Superintendent Susan Swartz told the Board of Education on Monday that Scotia-Glenville, as a way of dealing with declining secondary enrollment, is looking into sharing classes with other school districts over the Distance Learning Network.
“We have talked to Burnt Hills-Ballston Lake but we are talking to other school districts as well,” Swartz said, noting that BHBL is part of the Capital Region BOCES’ Distance Learning Network. “We are looking at where we can leverage teachers at both school districts. We want to find a way to continue offering everything we can for students.”
She is looking specifically at German, technology and business courses, she said, noting that they tend to have lower enrollments. “We also have courses that their students may want to take,” she added.
Distance Learning involves students at several school districts taking classes from one teacher over the internet with television monitors and audio capabilities in both classrooms. For example, a teacher at BHBL may teach a class that students in other schools want to take, so they tune in through Distance Learning. As well, an S-G teacher may offer a class that will be broadcast out to three or four other school districts.
“We need to right-size what we offer based on our enrollment,” she said, noting that Middle School enrollment has dropped by 13% since 2011 and high school enrollment has dropped by 14% since 2011.
She also said that with the ongoing teacher shortage, sharing staff with other school districts may be a good way to continue offering the classes that SG has always offered.
Community vote is Tuesday, May 17
The community votes on the 2022-23 budget, a $385,000 bus purchase proposal and Board of Education candidates from 7 a.m. to 9 p.m. on Tuesday, May 17 in the B-wing gym at the high school.
Scotia-Glenville’s maximum allowable state tax levy increase
for 2022 – 2023 is 1.62%, or a $502,287 tax levy increase. The first draft budget spending increase of 3.78% reflects a shortfall of $1.09 million, the amount that would need to be reduced to reach the allowable tax levy limit. The board has also indicated to the state comptroller’s office that it planned to exceed the tax levy increase, which would require a 60% approval rate at the polls. That decision to the comptroller’s office can be reversed.
Board members had asked about German specifically. S-G has one German teacher who teaches 49 students in grades 7-12. The district would want to ensure that all students who wanted to take German until they take Checkpoint B in grade 11 have that opportunity. Swartz said that, if German were ended, that those students would then want to take French or Spanish, which could lead to hiring staff.
At the March 7 meeting, Swartz said she hoped to capture four elementary positions to keep vacant in the budget – two retirements and two resignations. Staff would be shifted to fill the vacancies.

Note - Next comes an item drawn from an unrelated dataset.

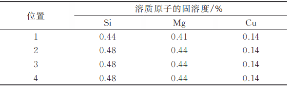 圖6 不同固溶時間下半固態(tài)壓鑄Al-Si-Fe-Mg合金的EMPA組織 表2 Si、Mg和Cu元素在基體中的固溶度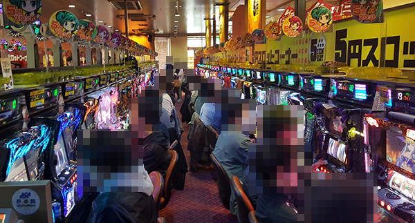 5円パチスロの注目度も高く、空き台はほとんど見当たらない。

She also reiterated to the board the need to plan once the federal Cares Act funding expires in June 2023. She would like to keep as many of the newly added positions as possible once the 2023-24 budget begins. To do that, however, she said the board needs to set aside money in the upcoming budgets to ease that transition. She specifically mentioned the School Resource Officer and Athletic Trainer. Her first draft budget includes $50,000 toward the SRO and $15,000 toward the Athletic Trainer.